Réforme bancaire : la leçon britannique

par Henry Moreigne
mercredi 6 février 2013

La France en a rêvé. La Grande-Bretagne est en passe de la réaliser. La mise au pas du secteur financier est en discussion outre-Manche sous la pression d'une population excédée par les fraudes, manipulations et rémunérations indécentes.

La multiplication des scandales bancaires, tout comme les révélations sur le niveau des bonus dans la City, ont contraint les libéraux britanniques au pouvoir à s'attaquer à la régulation d'un secteur clé de leur économie : la finance.

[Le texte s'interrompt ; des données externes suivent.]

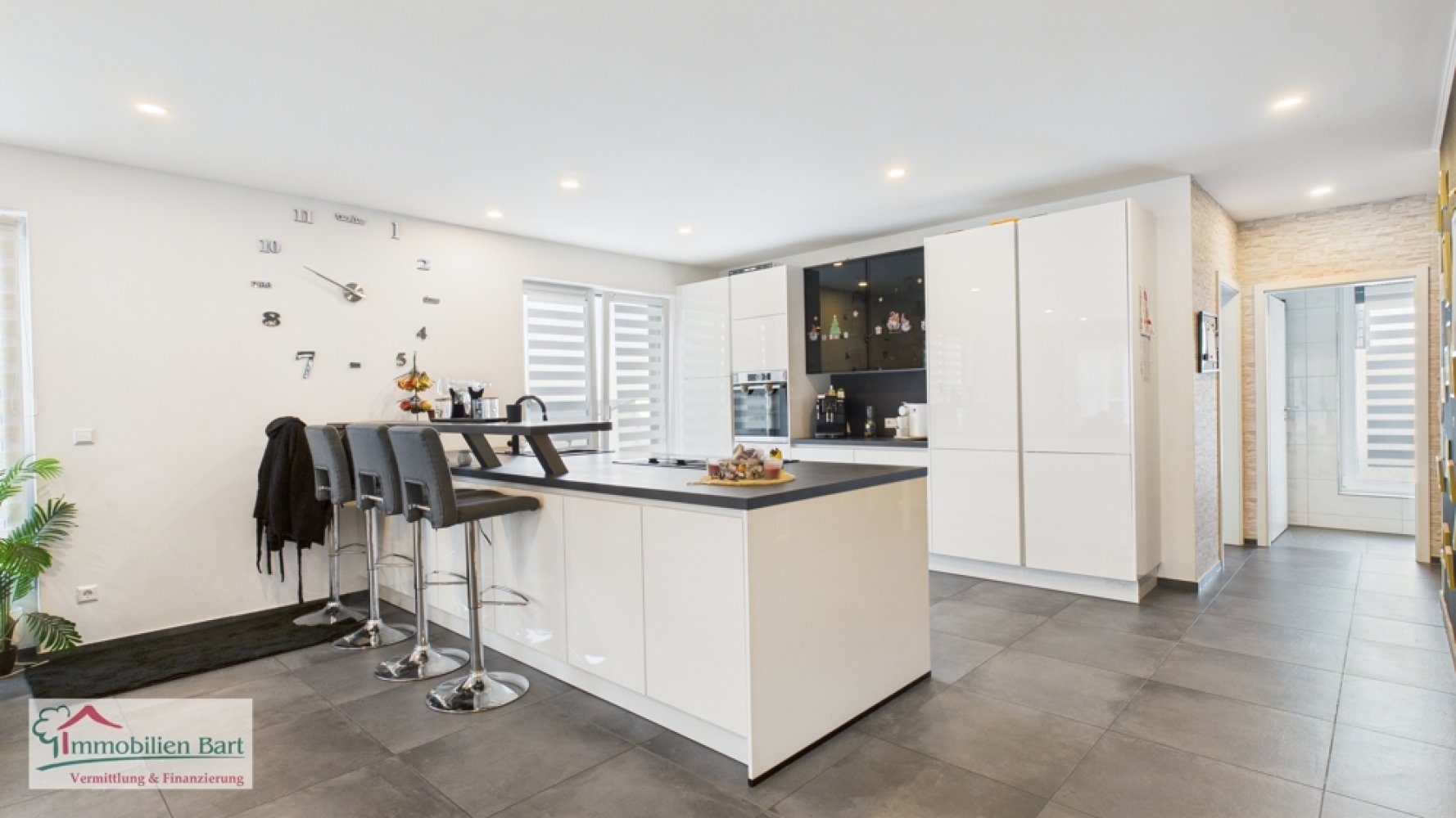 Das Haus verfügt über insgesamt drei Schlafzimmer. Herzstück der Immobilie ist der großzügige, offen gestaltete Wohn- und Essbereich mit einer hochwertigen Einbauküche, der ein modernes und zugleich wohnliches Ambiente schafft.
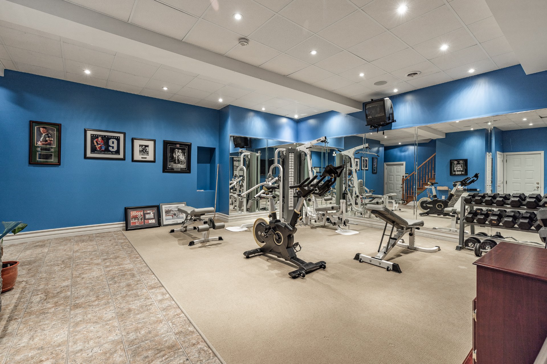 - Au sous-sol, le niveau est entièrement aménagé et offre plusieurs pièces polyvalentes. On y retrouve une grande salle de sport, qui peut aussi servir de salle familiale ou de salle de jeux. Il y a également un salon additionnel et deux chambres supplémentaires. Une salle de bain complète, un atelier, une salle mécanique et un espace de rangement s'ajoutent à l'ensemble. Le garage double est intégré, dispose de rangements et offre un accès direct via le sous-sol et à l'extérieur.

Non content d'être à l'origine de la crise de 2008-2009, le secteur financier après avoir été sauvé par les pouvoirs publics avec l'argent du contribuable a renoué ces dernières années avec ses vieux démons. Les derniers scandales du Libor (taux interbancaire) et de l'Eurolibor ont définitivement convaincu les Britanniques que la pierre angulaire du système à savoir la confiance et les gentlemen's agreement relèvent d'une éthique qui appartient désormais au passé.

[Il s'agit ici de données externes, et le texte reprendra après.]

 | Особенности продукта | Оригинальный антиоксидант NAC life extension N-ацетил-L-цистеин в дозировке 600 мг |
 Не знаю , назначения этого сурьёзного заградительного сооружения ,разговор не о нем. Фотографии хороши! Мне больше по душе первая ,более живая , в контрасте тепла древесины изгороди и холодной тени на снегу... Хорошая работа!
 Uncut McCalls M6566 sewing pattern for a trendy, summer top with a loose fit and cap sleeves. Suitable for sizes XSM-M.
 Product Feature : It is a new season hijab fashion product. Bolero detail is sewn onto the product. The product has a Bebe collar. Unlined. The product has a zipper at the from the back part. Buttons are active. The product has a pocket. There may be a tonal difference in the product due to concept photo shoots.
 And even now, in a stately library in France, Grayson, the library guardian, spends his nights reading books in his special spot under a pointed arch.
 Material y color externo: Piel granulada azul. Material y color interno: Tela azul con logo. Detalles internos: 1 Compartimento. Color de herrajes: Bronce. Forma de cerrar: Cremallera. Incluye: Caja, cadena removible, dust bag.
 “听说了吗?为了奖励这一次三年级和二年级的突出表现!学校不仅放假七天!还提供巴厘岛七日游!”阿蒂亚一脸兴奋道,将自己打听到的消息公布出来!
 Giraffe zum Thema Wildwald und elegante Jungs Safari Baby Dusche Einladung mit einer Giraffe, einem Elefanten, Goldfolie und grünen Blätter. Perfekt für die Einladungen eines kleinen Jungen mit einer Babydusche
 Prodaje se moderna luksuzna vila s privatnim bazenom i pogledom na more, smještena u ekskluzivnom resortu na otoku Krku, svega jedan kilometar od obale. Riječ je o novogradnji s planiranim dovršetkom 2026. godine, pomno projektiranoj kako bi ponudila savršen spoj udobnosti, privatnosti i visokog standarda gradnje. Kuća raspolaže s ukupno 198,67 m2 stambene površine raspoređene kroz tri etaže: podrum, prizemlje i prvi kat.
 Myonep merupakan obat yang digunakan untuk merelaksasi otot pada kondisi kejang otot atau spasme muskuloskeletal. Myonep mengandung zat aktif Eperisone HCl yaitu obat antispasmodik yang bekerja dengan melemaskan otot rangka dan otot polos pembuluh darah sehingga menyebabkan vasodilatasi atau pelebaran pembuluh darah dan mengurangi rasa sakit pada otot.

La classe politique du Royaume-Uni a compris qu'elle était assise sur un baril de poudre et qu'elle avait intérêt à prendre des mesures adaptées pour éviter que les erreurs des banquiers ne conduisent à l'avenir, en cas de faillite, à faire payer le contribuable.

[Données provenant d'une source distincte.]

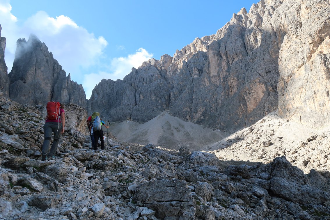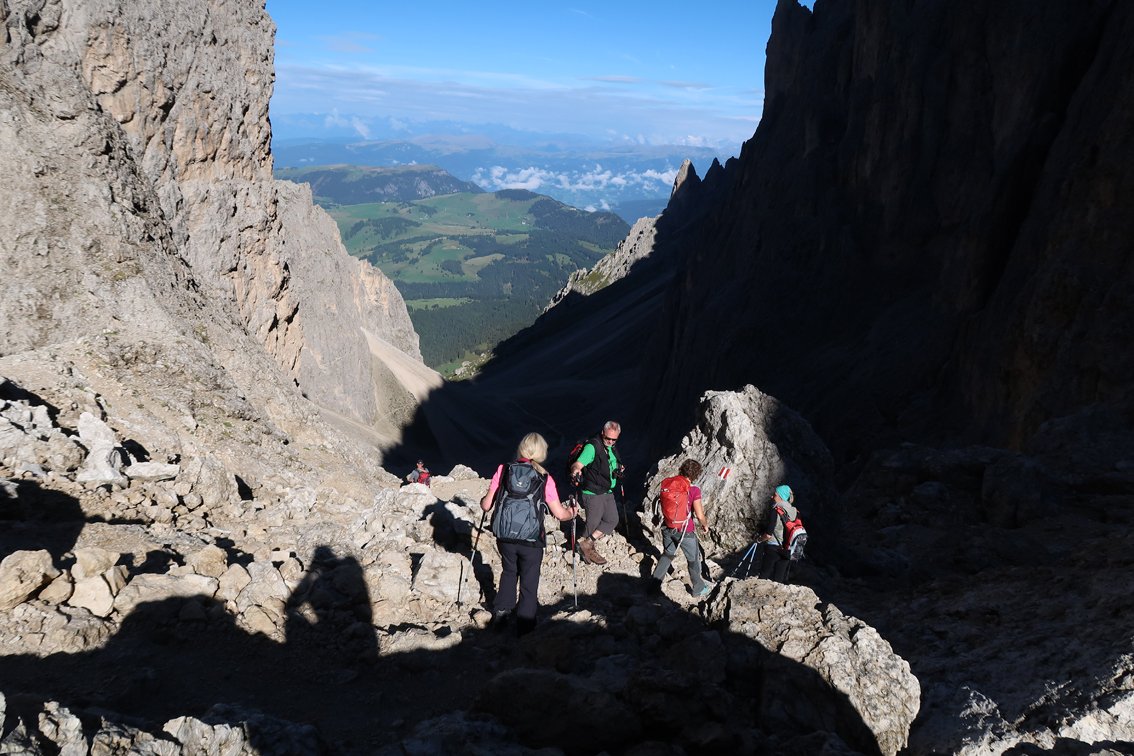 Über die riesige, mit Schotter und wenigen unschwierigen kleinen Felsstufen versehene Südwestflanke auf dem Weg 527 zur Plattkofelhütte bzw. noch davor, auf ca. 2485 m bereits links direkt zum Friedrich August Weg absteigen (Abkürzung, ca. ¼ Std. Zeitersparnis). Auf diesem, vorbei an den Hütten Rif. Sandro Pertini und Rif. Friedrich August, zurück zum Sella Joch.

D'où l'idée de séparer les activités de crédit, de dépôt de celles dites de spéculation afin d'éviter que les banques mal en point sur les marchés financiers ne répercutent leurs problèmes à leurs clients particuliers.

Le concept n'est pas nouveau. Cette séparation a existé dans plusieurs pays, et notamment aux Etats-Unis, avec le fameux "Glass-Steagall Act" à la suite du krach boursier de 1929 avant de s'effacer progressivement à partir des années 1970 et d'être abrogé en 1999.

En 2010, le rapport Vickers avait préconisé le recours à cette séparation en Grande-Bretagne sans toutefois offrir des moyens coercitifs pour forcer les réticents à appliquer pleinement ses recommandations.

Coup de tonnerre lundi 4 février. George Osborne, ministre britannique des finances a menacé d'imposer une séparation totale entre banque de détail et d'investissement si aucun cloisonnement n'est mis en œuvre. Le ministre de David Cameron veut que les activités de dépôt, garanties par l'Etat, soient "sanctuarisées" pour assurer qu'en cas de faillite, le Trésor ne soit pas amené à sauver la banque commerciale.

Dans le même temps, le gouvernement de sa gracieuse Majesté a annoncé courant 2013 une réforme qui revisitera la régulation bancaire. La Financial Services Authority (FSA), tutelle actuelle de la City, devrait disparaître au profit de deux nouveaux organismes de régulation.

La fermeté britannique contraste avec le modeste projet de réforme français. "Mosco le tiède contre Osborne le dur ?" s'interroge ainsi le site Arrêt sur Images. Il est vrai que le projet du ministre de l'Economie et des Finances est très éloigné des déclarations de campagne de François Hollande.

En France, seules les activités spéculatives réalisées par les banques pour elles-mêmes, en leur nom propre, devraient ainsi être isolées de leurs activités de dépôt. Soit à peine 2 ou 3% du chiffre d’affaires de banques françaises comme BNP Paribas ou la Société générale. Cet abandon en rase campagne d'une scission parfaite entre les deux types d'activité s'explique en partie par le lobbying du secteur bancaire français qui au titre de la défense de son modèle de banque universelle a procédé à un véritable chantage à l'emploi sur ses 400 000 salariés.

Et pourtant, le sujet n'est pas exclusivement économique. La réforme de la structure des banques constitue un enjeu démocratique majeur selon un rapport de l'universitaire Laurence Scialom pour la fondation Terra Nova.

Le volontarisme du Royaume-Uni sur le sujet devrait renforcer le désir de députés français socialistes, communistes et mêmes centristes (UDI) de "muscler" le texte par le dépôt de nombreux amendements. Seule l'UMP s'est inquiétée d'un durcissement possible. De son côté, Pierre Moscovici défend la décision du gouvernement de ne pas scinder en deux les banques françaises en faisant valoir que leur modèle de banque universelle, alliant activités de détail et de marchés destinées au financement des grandes entreprises, était utile à l'économie nationale.